==== Dataset

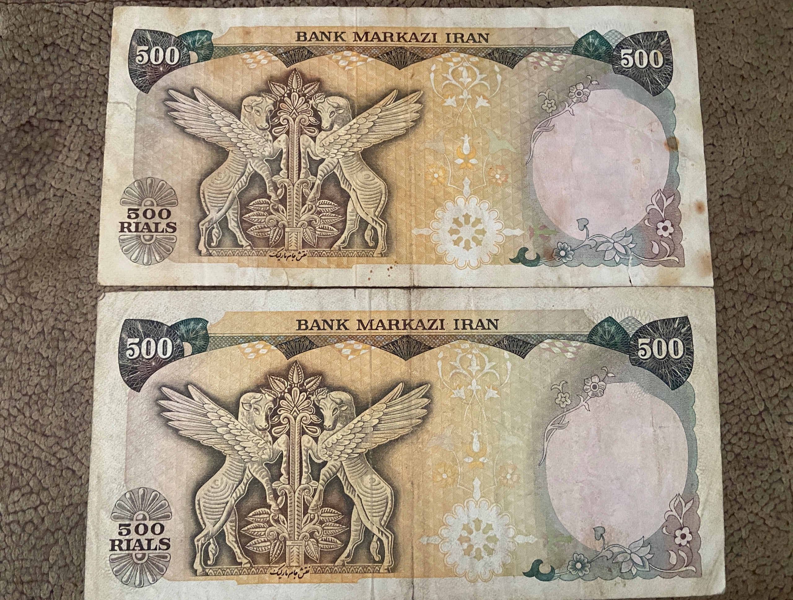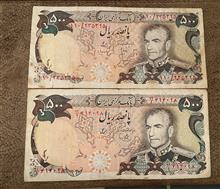 دو عدد اسکناس 500 ریال پهلوی امضا کمیاب تمیز
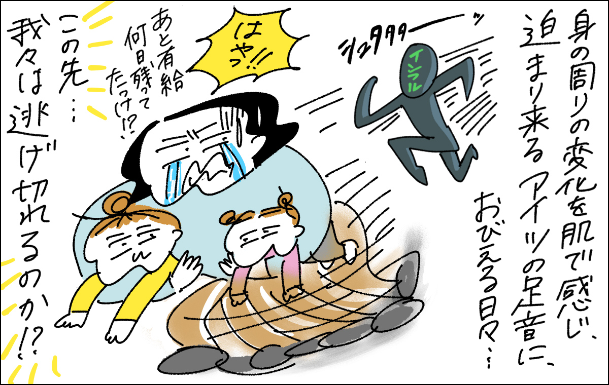 今季は早くからインフルエンザの流行が始まっていて、恐怖に怯えている日々。作者のカミナカケロヨンさん宅でもその恐ろしさをひしひしと感じているようで…。
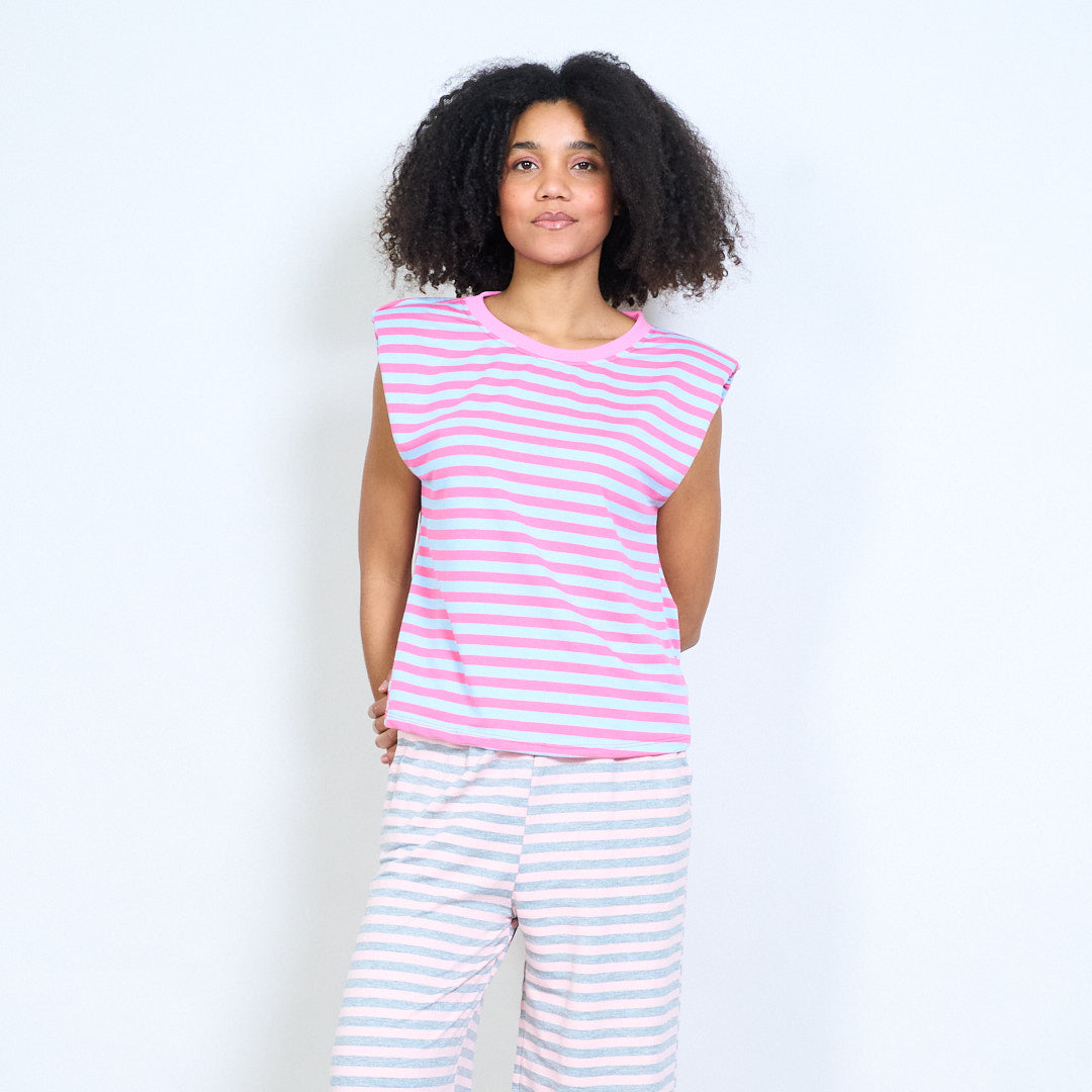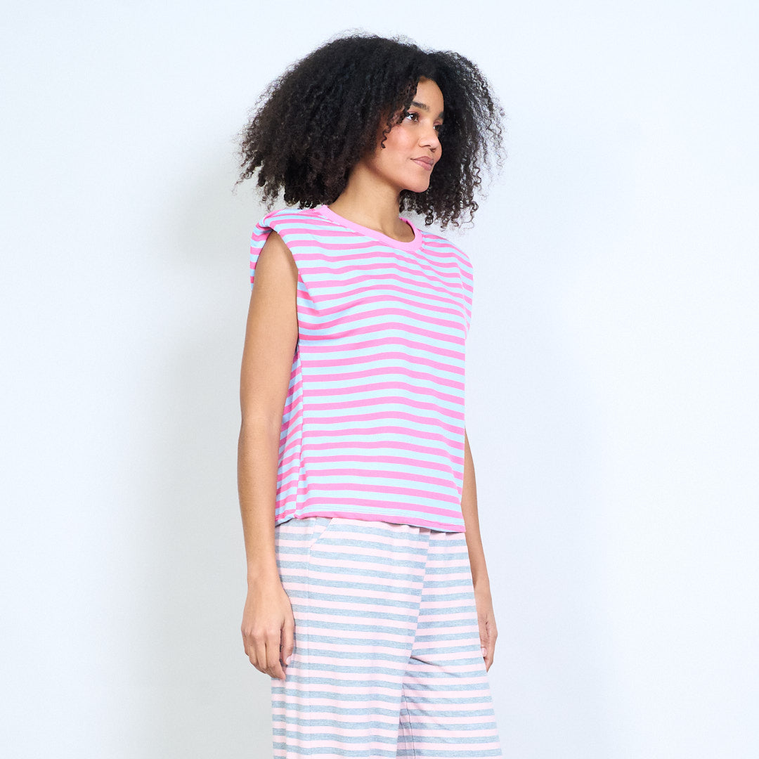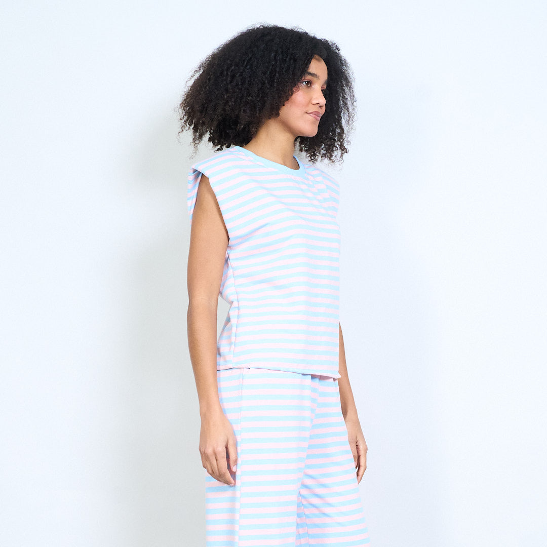 Рирана горна част без ръкави с подплатени рамена на едро
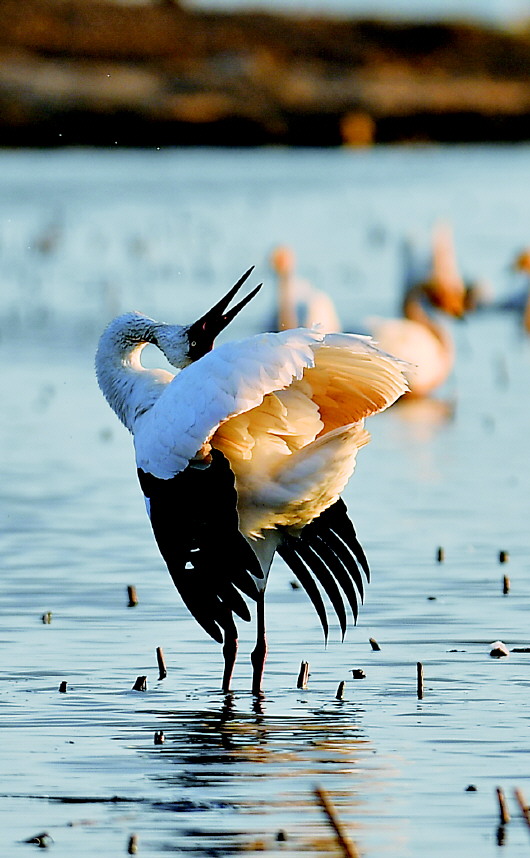 白鹤,地球上生存了6000万年的“活化石”,被世界自然保护联盟列为极危物种。原有东、中、西3条迁徙路线的白鹤种群,只剩下前往鄱阳湖区越冬的东部迁徙路线。
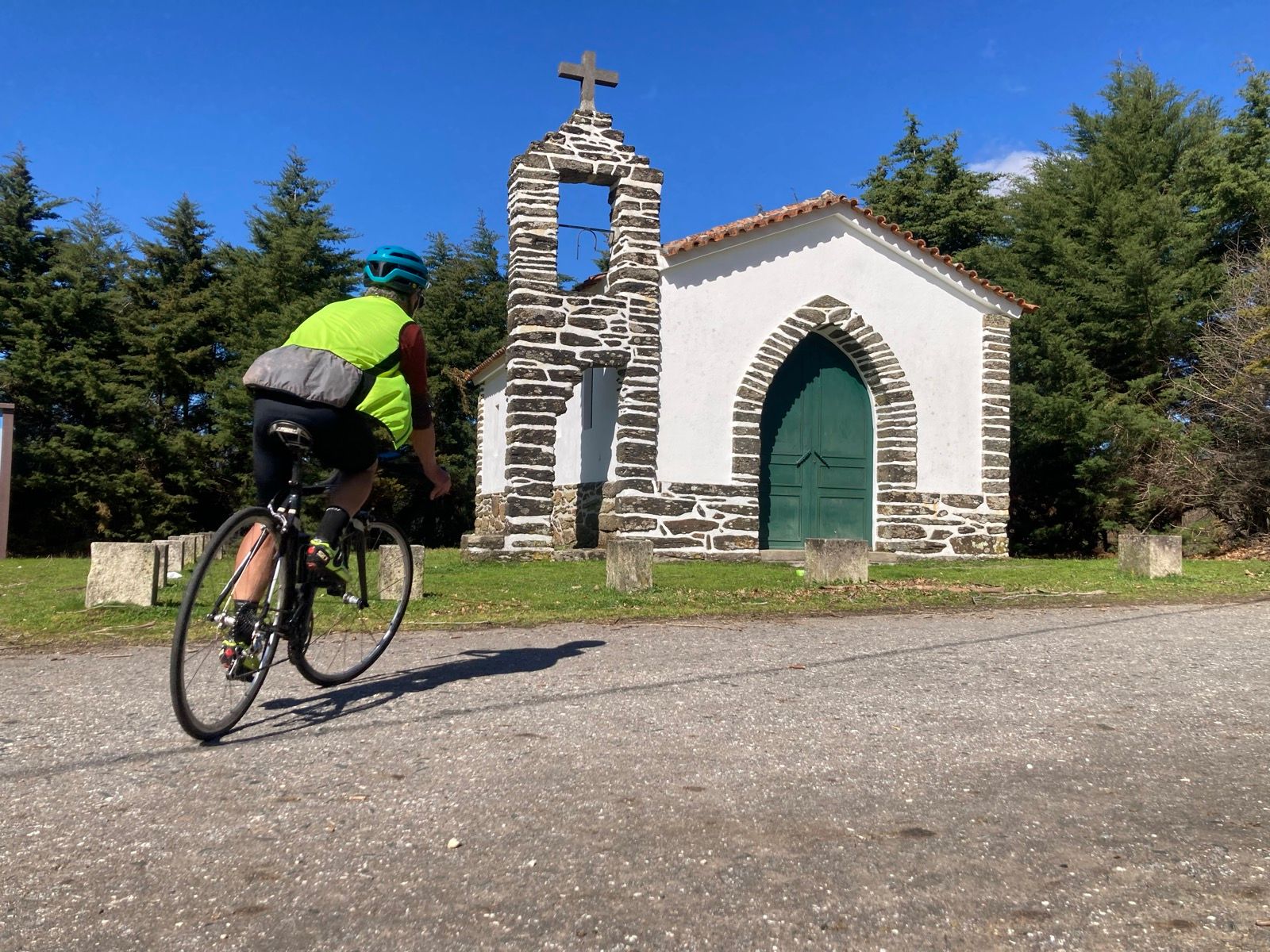 Do nada surge uma parede de 600 metros que, sem respeito por estes dois que já tinham 70km e mais de 2000 acumulados nas pernas, se apresentam com uns simpáticos 15% de média. A coisa inicia de forma suave e depois só piora. Rapidamente, ultrapassa os 20%. Aí foi preciso morder a língua e, literalmente, proibir-me de pôr o pé no chão, tão perto que estava do cruzamento. O que nos valeu foi serem poucos metros até à Capela da Senhora do Fojo, onde paramos para recuperar o folego e o ritmo cardíaco.
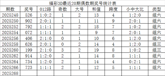 福彩3D最近20期偶数期奖号为:
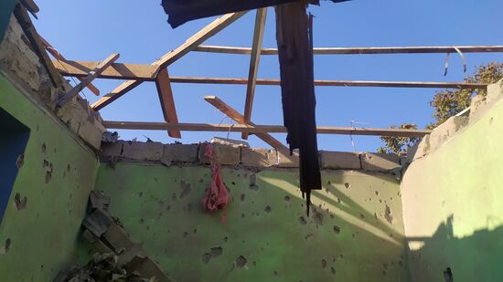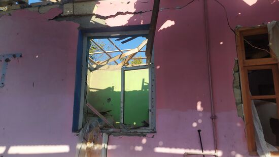 A view shows a damaged house hit by the recent shelling, in the village of Tezakend, the self-proclaimed Republic of Nagorno-Karabakh.. The situation in Nagorno-Karabakh escalated on September 27, when Yerevan and Baku accused each other of provoking military hostilities.03.10.2020#6347690
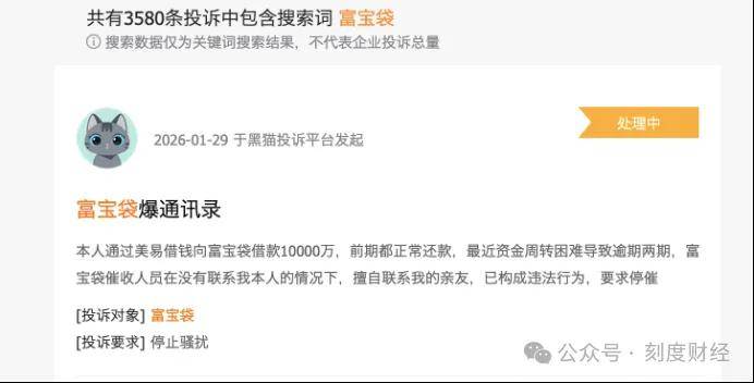 黑猫投诉平台上,关于富龙小贷“高利贷”“隐性收费”“暴力催收”的投诉比比皆是。截至2026年2月25日,其核心产品“富宝袋”相关投诉已达3500余条,其中多数涉及利率过高、隐性收费、暴力催收、拒绝提前结清、拖延开具结清证明等问题。
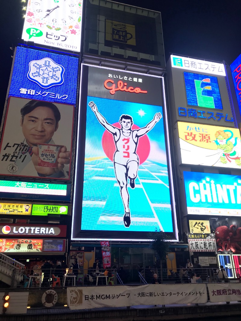 The night walking tour was the last item on our OAP agenda. We were ready to sample the street food in Dotonbori. Dotonbori is a principal tourist destination in Osaka — due to the food and illuminated street boards. Here’s a photo of Glico Man, a well-known Osaka landmark.
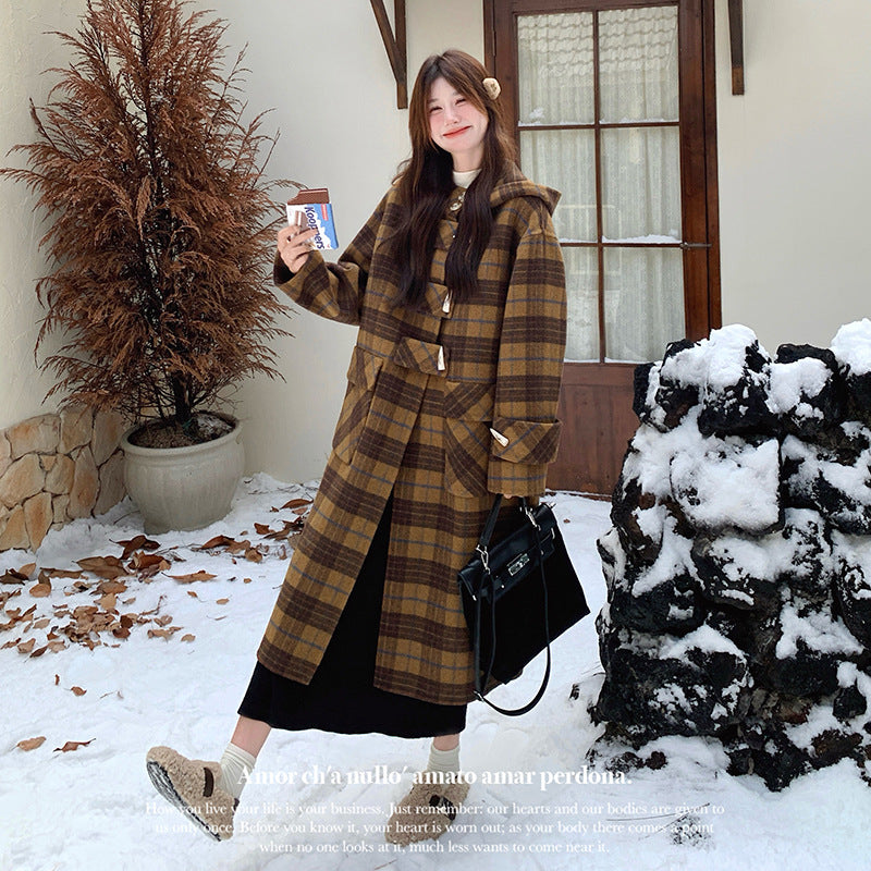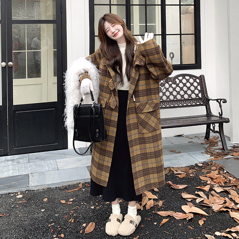 ロングウールコート ウールコート ロングコート チェックコート トグルコート
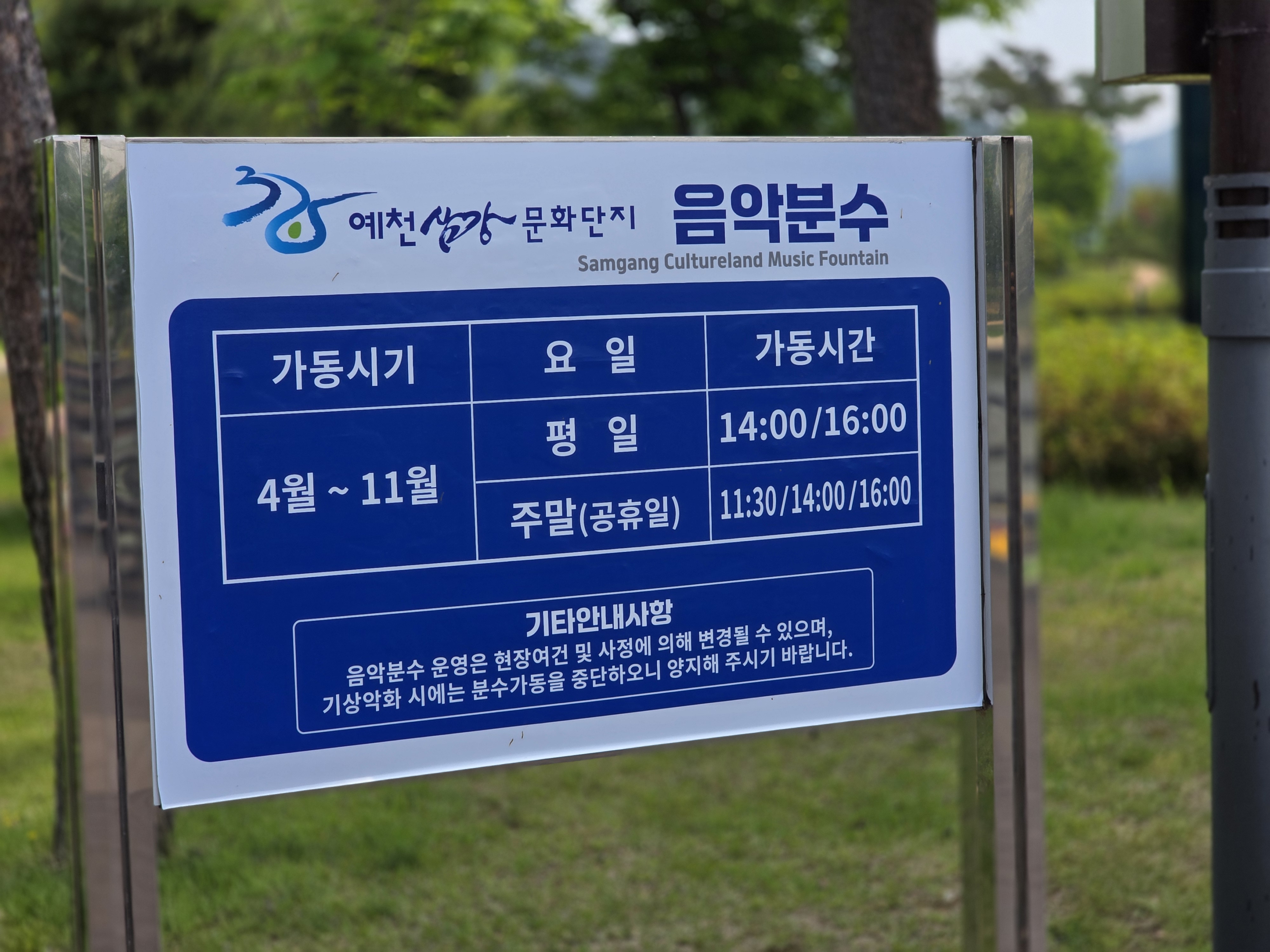강문화전시관 앞에 있는 분수에서 음악분수가 열린다고 합니다. 4월부터 11월까지 열리며 평일과 주말에 정해진 시간에 열리므로 시간에 맞춰 방문하시면 음악분수도 보실 수 있겠습니다.
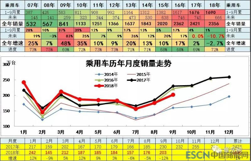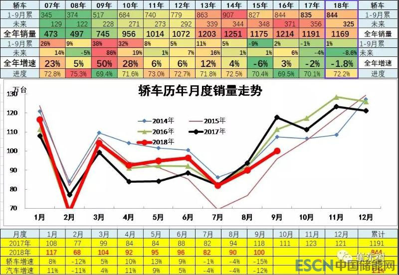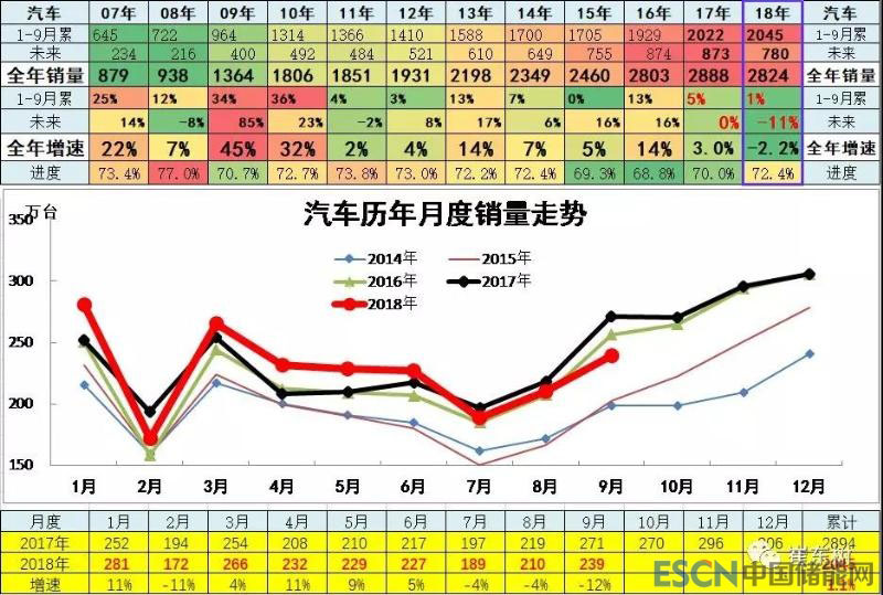 中國儲(chǔ)能網(wǎng)訊:2018年汽車市場(chǎng)總體走勢(shì)壓力較大,各細(xì)分板塊在9月表現(xiàn)都不是很強(qiáng),隨著高基數(shù)的壓力凸顯,4季度的車市增長也有一定壓力。

========

What to do
Leave the pictures out, and transcribe exactly the lines above starting at the one that contains "Рирана горна част" and ending at the one that contains "白鹤,地球上生存了6000万".

Reply
 Рирана горна част без ръкави с подплатени рамена на едро
 白鹤,地球上生存了6000万年的“活化石”,被世界自然保护联盟列为极危物种。原有东、中、西3条迁徙路线的白鹤种群,只剩下前往鄱阳湖区越冬的东部迁徙路线。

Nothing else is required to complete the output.